The algorithm using this percpu seq counter goes below:
1. We sample the percpu discard_pa_seq counter before trying for block
allocation in ext4_mb_new_blocks().
2. We increment this percpu discard_pa_seq counter when we either allocate
or free these blocks i.e. while marking those blocks as used/free in
mb_mark_used()/mb_free_blocks().
3. We also increment this percpu seq counter when we successfully identify
that the bb_prealloc_list is not empty and hence proceed for discarding
of those PAs inside ext4_mb_discard_group_preallocations().

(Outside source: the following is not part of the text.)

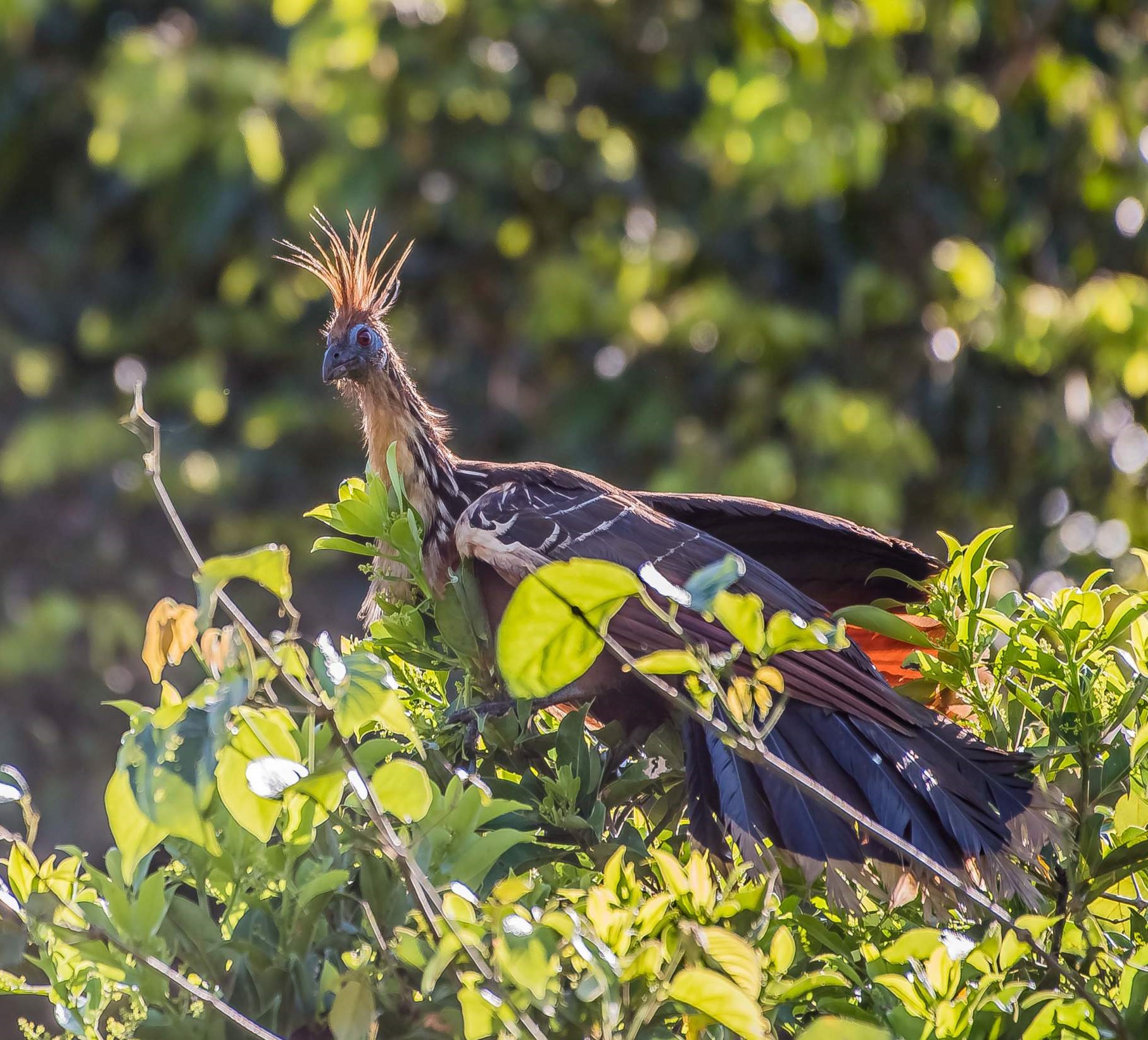 Unser Guide Franklin erweist sich als wenig gesprächig und wenn er den Mund aufmacht, verstehe ich nahezu nichts. Mit der Zeit schnappen Uli und ich zumindest einige Tier- und Vogelnamen auf wie den Chinchena, der in Peru Hoatzin heißt, den Coracora roja (roter Ibis), die Chigüiros (Wasserschweine oder Capybaras) oder der endemische und sehr seltene schwarze Paujil. Andere sind zum Glück selbsterklärend wie Caimán, Anaconda, Aguíla, Ganso Orinoco oder Garzón soldato …

Now to make sure that the regular fast path of block allocation is not
affected, as a small optimization we only sample the percpu seq counter
on that cpu. Only when the block allocation fails and when freed blocks
found were 0, that is when we sample percpu seq counter for all cpus using
below function ext4_get_discard_pa_seq_sum(). This happens after making
sure that all the PAs on grp->bb_prealloc_list got freed or if it's empty.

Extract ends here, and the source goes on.